Parallel Computing for Data Science (EN.601.420/620)

Lectures

Lectures are designed for synchronous delivery. It is not expected that the recorded version is an adequate substitute for attending.

Recorded lectures are available on Panopto through Blackboard. Log in to blackboard. Lectures are named LecXX.[Topic].[Date].mp4. Although Panopto is inconvenient, it is the only way to control access to lectures to enrolled students.

Jupyter notebooks for lectures are available on github (https://github.com/randalburns/pplectures2021). It is encouraged that you clone this repo, pull before each lecture and run.

Projects

Project 1: OpenMP Filter
Homework 1.5: All Possible Regressions in Python (due October 1, 2021 5:00 pm EDT)
- complete the notebook in pplectures2021/homework/HW1.5.ipynb
- in this way you will have the dataset and the environment
Project 2: Java BlockingQueue (due October 15, 2021 5:00 pm EDT)
Project 3: dask notebooks (due November 2, 2021 5:00 pm EDT )
Project 4: k-means in Spark
Project 5: Ray Deadlock (due December 6, 2021 5:00 pm EDT)
- submissions may be turned in as late as December 8, 2021, 5:00 pm with no late penalty

Midterm

Due October 22, 5 pm EDT. PDF.
- Midterm is an open-Internet, take home exam. It will be distributed on Wednesday October 20, 2021 at 5:30 pm.
- Any updates, errata, corrections will be placed on this Webpage. I will notify of changes on Piazza.

Final

Final Exam has been released as of December 13, 2021 2:00pm.
- DUE Tuesday Decmeber 21, 2021 11:59 am.
- Early submissions are strongly encouraged

Late Hours

A total of 48 late hours are permitted per semester to use as needed for projects. Late hours will be rounded up to the nearest hour, e.g. a project submitted 2.5 hours late will count as using 3 late hours.

Course Schedule

(30 August) Introduction to Parallel Programming

Syllabus review. Academic ethics. Parallelism in modern computer architectures. Performance beyond computational complexity. An introduction to course tools for lectures and homework: conda/python/github/jupyter.

Reading:
- Mattson, Patterns for Parallel Programming, Chapter 1.

(30 August) A First Parallel Program

Parallelization with joblib in Python. The Global Interpreter Lock. Python packages for data science. Performance timing.

Reading:
- Matloff, Parallel Computing for Data Science, Chapter 1.

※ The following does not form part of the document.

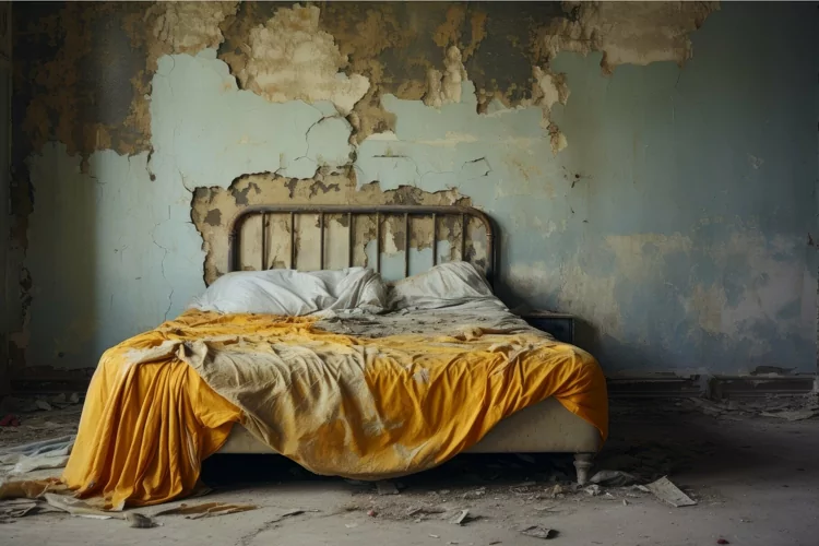 Old Urban Dirty Aged Wall Bed House Room Ruined Rotting
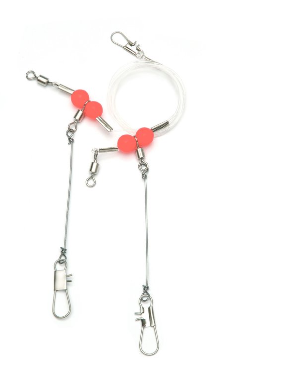 Dieses Pilkvorfach steht in zwei Varianten mit einem oder zwei Armen zur Verfügung. Die Schnur hat einen Durchmesser von 0,60mm und ist 80cm bzw. 120cm lang. Verziert sind die Edelstahl-Abstandshalter mit roten Lockperlen.

(6 September) Amdahl’s Law, Strong Scaling, and Parallel Efficiency

Amdahl’s law is the fundamental principle behind strong scaling in parallel computing. Strong scaling is the process of solving a problem of the fixed size faster with parallel resources.

Reading:
- Mattson, Patterns for Parallel Programming, Ch. 2.4-2.6

(8 September) OpenMP

Lecture 4: An introduction to parallelizing serial programs based on compiler directives. Also serial equivalence, and loop parallel constructs.

Reading:
- Mattson, Patterns for Parallel Programming, Appendix A.
Reference Materials:
- LLNL Tutorial (ignore Fortran stuff): https://computing.llnl.gov/tutorials/openMP/
- Specification (it’s actually really useful): http://www.openmp.org/mp-documents/spec30.pdf

(15 September) Cache Hierarchy

Lecture 5: Memory hierarchy and latency. Caching concepts: size, lines, associativity, and inclusion/exclusion. Caching microbenchmarks.

Reading:
- Dongarra et al. Accurate Cache and TLB Characterization Using Hardware Counters. https://link.springer.com/content/pdf/10.1007/978-3-540-24688-6_57.pdf
  - Please read to comprehend Figures 1, 2, and 3. Figures 4, 5, and 6 and the second microbenchmark (papi cacheBlock) are less important and difficult to understand.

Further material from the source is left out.